Старичок бежал за мной по пятам, бормоча:

— Он вернется!.. А когда вернется — это вопрос…

Катя вошла в дверь, куда унесли ее приятеля на носилках, а я стал ждать. Через две минуты игра окончилась, и публика густой толпой пошла мимо нас к выходу. Многие бросали на землю газетные колпаки, которые надевали на время игры. У всех были красные, в воспаленных обводах, глаза и усталые лица. Я дал старичку его выигрыш и поздравил его.

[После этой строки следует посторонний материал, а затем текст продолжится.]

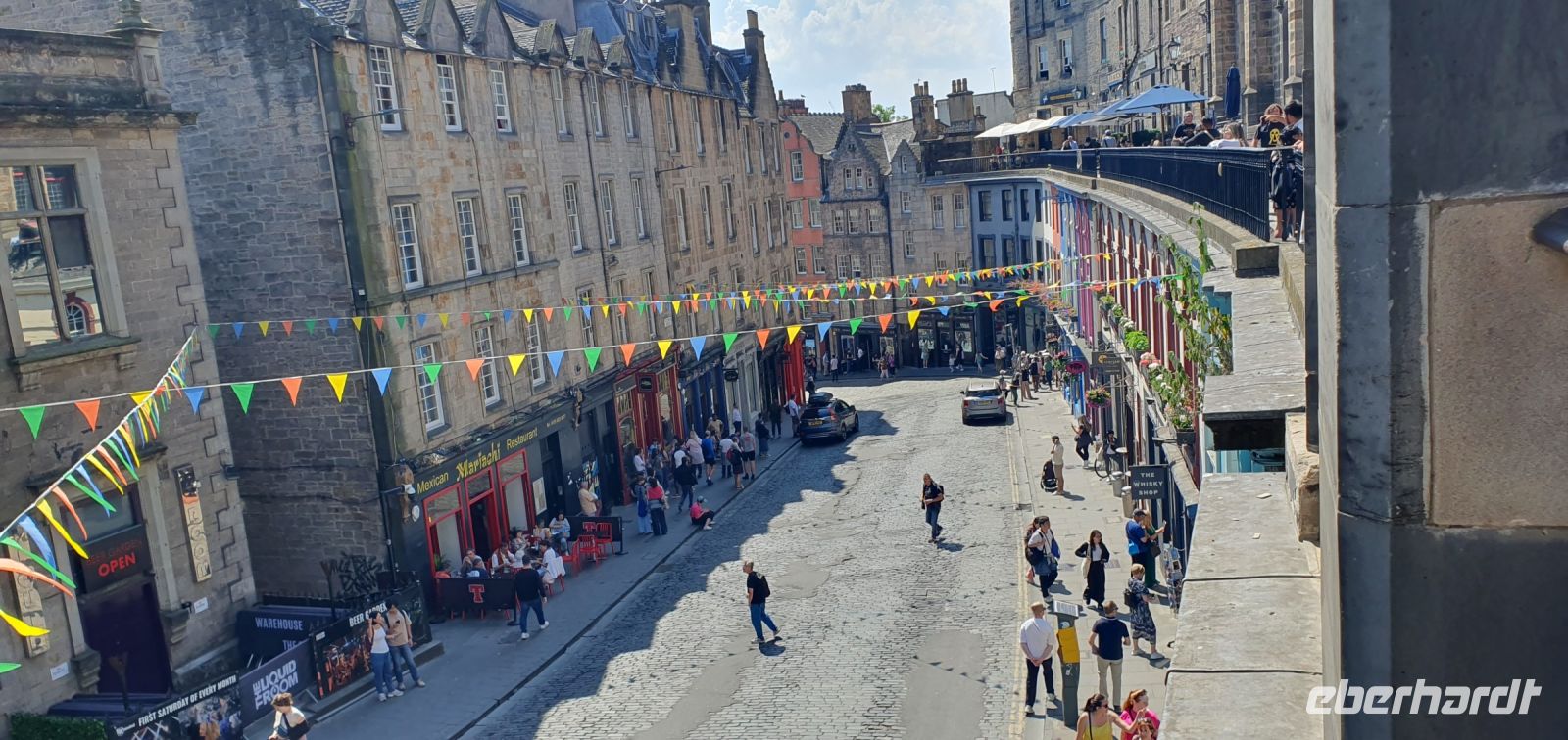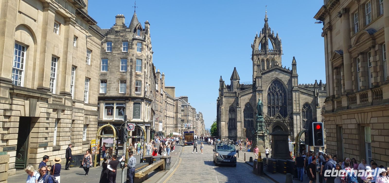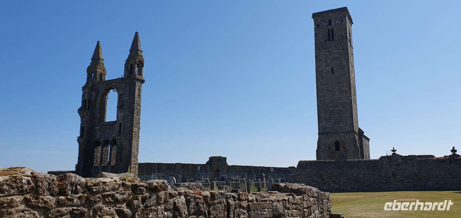 Wir starten mit einem leckeren Frühstück im Hotel, das keine Wünsche offen ließ. Dann heißt es: auf Wiedersehen Dundee. In St. Andrews fährt uns Roy quasi bis zum Meer, direkt am Strand ist der Parkplatz und wir spazieren gemütlich Richtung Kathedrale. Unterwegs passieren wir die Ruinen des Castles, mit seinem Blick aufs Meer und genießen die morgendliche Ruhe. Dann fallen uns immer mehr Studenten in Talar auf- sie feiern heute ihren Abschluß hier. St. Andrews ist die älteste Universität, auch Prinz William und sesine Kate haben sich hier während des Studiums kennengelernt. An der Kathedrale kommen wir gerade rechtzeitig an: das Besucherzentrum öffnet und zu unserer Überraschung ist auch der Rules Tower offen. Also können wir uns in Ruhe umschauen, über den alten Friedhof spazieren oder auf den Turm steigen. Einst war St. Andrews das wichtigste spirituelle Zentrum des Landes. Hier sollen Gebeine des heiligen Andreas angespült worden sein, nachdem das Schiff, das sie hierherbringen sollte untergegangen war. Rasch entstand eine kleine Kirche und viele pilgerten zu den Reliquien, von denen sie sich die Lösung vieler Probleme versprachen. So wuchsen Kirche und Stadt, die Kathedrale entstand und immernoch kommen viele Pilger. Der heilige Andreas ist ja der Schutzheilige Schottlands. Sein Kreuz ziert die Flagge, die Soltaire. Sie ist die älteste Flagge der Welt. Dann geht es weiter. Wir folgen der Küstenstraße und genießen die traumhaften Ausblicke. Den Firth of Forth, den Fjord an der Mündung des Forth, überqueren wir über die Queensferry Crossing. Das ist die neue Straßenbrücke, die neben der alten Forth Road Bridge gebaut wurde. Mit einem einfachen Blick auf die Eisenbahnbrücke, die Forth Bridge, geben wir uns aber nicht zufrieden. Also halten wir am Aussichtspunkt und können so in aller Ruhe alle drei Brücken bewundern. Ingenieurstechnische Meisterleistungen waren und sind sie alle, mehr als 2 Kilometer lang, die rote Eisenbahnbrücke- auch roter Drache genannt- mit ihren Millionen von Nieten, die sie zusammenhalten. Die letzte soll aus Gold sein, aber niemand weiß, wo sie verbaut wurde. Oder die Straßenbrücke, sie war bei ihrer Fertigstellung die längste Hängebrücke der Welt. Nun aber weiter: es geht nach Edinburgh, in die Hauptstadt Schottlands. Hier treffen wir Beryl, unsere Stadtführerin. Am Fettes College ein erster Fotostopp, überaus beeindruckend, diese Gebäude, es ist eines der besten und teuersten privaten Colleges der Stadt. Nach einer Harmonie- Pause am Botanischen Garten geht es weiter durch die Stadt: Holyrood Palace und Palastgärten, das Parlamentsgebäude Schottland gegenüber, die Royal Mile und natürlich die Neustadt dürfen nicht fehlen. Am Edinburgh Castle verabschieden wir uns von Beryl und starten unsere Besichtigung des Castle. Nach einer kurzen Orientierung, was wo auf diesem Burgberg zu finden ist geht jeder individuell zu seinen Lieblingsplätzen, seien es die Kronjuwelen, die Palastgemächer oder die Museen der Regimenter, für jeden ist etwas dabei. Die freie Zeit nutzen viele für einen Bummel über die Royal Mile oder zum Grassmarket. Dann fährt uns Roy zum Hotel und wir checken ein. Ein gemeinsames Abendessen im Hotel beschließt unseren Tag und etliche zieht es noch hinaus ins abendliche Edinburgh.

Катя вышла минут через двадцать. Было похоже, что она плакала: под глазами черно от краски, которая натекла с ресниц. Катя аккуратно, кончиком платка, вытирала нижние веки.

— Что с ним?

— Берут в больницу. Опять травма колена. Бедненький, он все губы искусал… Морфий впрыснули… Ой!

Она зажмурила глаза. У нее даже лицо изменилось.

— Жалко парня, — сказал я. — Вот черт, не повезло.

Мне действительно было жалко его. Самое отвратительное в футболе — вот такие сцены.

Мы молча дошли до остановки, сели в автобус. Еще больше, чем Алика, мне было жалко Катю, она выглядела совершенно подавленной. Ветер трепал ее темную пышную шевелюру, волосы кидались на лоб, на глаза, она не поправляла их, сидела неподвижно, с застывшим лицом, и смотрела в окно автобуса. Скверная история! Отца нет, мать в санатории, друга увозят в госпиталь. Может, ей некуда идти? Внезапно я почувствовал, что не могу так просто расстаться, что несу ответственность за нее — по крайней мере, на сегодняшний вечер.

— Проводить вас домой, Катя?

Оторвавшись от окна, она посмотрела на меня долго и как-то с усилием, точно вспоминая: откуда взялся этот человек?

— А что делать дома? Я живу с одной девушкой, моей подругой. Ее сейчас нет. Она в экспедиции, на Челекене…

Молодые ребята в белых рубашках ехали в центр гулять. Было только половина восьмого. Автобус катился сквозь сиреневую вечернюю синеву.

Мы сошли там, где сошли почти все пассажиры, и остановились перед воротами в парк. Аллеи парка были набиты гуляющими. Теперь тут все кипело, все двигалось, все скамейки были заняты, возле всех киосков стояли очереди. Густой запах юга, лета, цветов, женского тела, табака, духов, листвы плыл над головами. Со стороны танцплощадки гремела музыка, и сквозь деревья была видна большая колыхающаяся толпа людей перед входом. Мальчишки смотрели на танцующих через решетку.

По боковой аллее мы вышли к летнему театру. Его каменная, покрашенная белой краской ограда казалась сейчас сиреневой. И белые платья женщин, белые брюки и рубашки мужчин тоже казались сиреневыми.

— Мы хотели сюда прийти после игры, — сказала девушка тихо. — Тут сухумский джаз сегодня.

— Да? — Мне было ее нестерпимо жалко. — Может, хотите послушать джаз?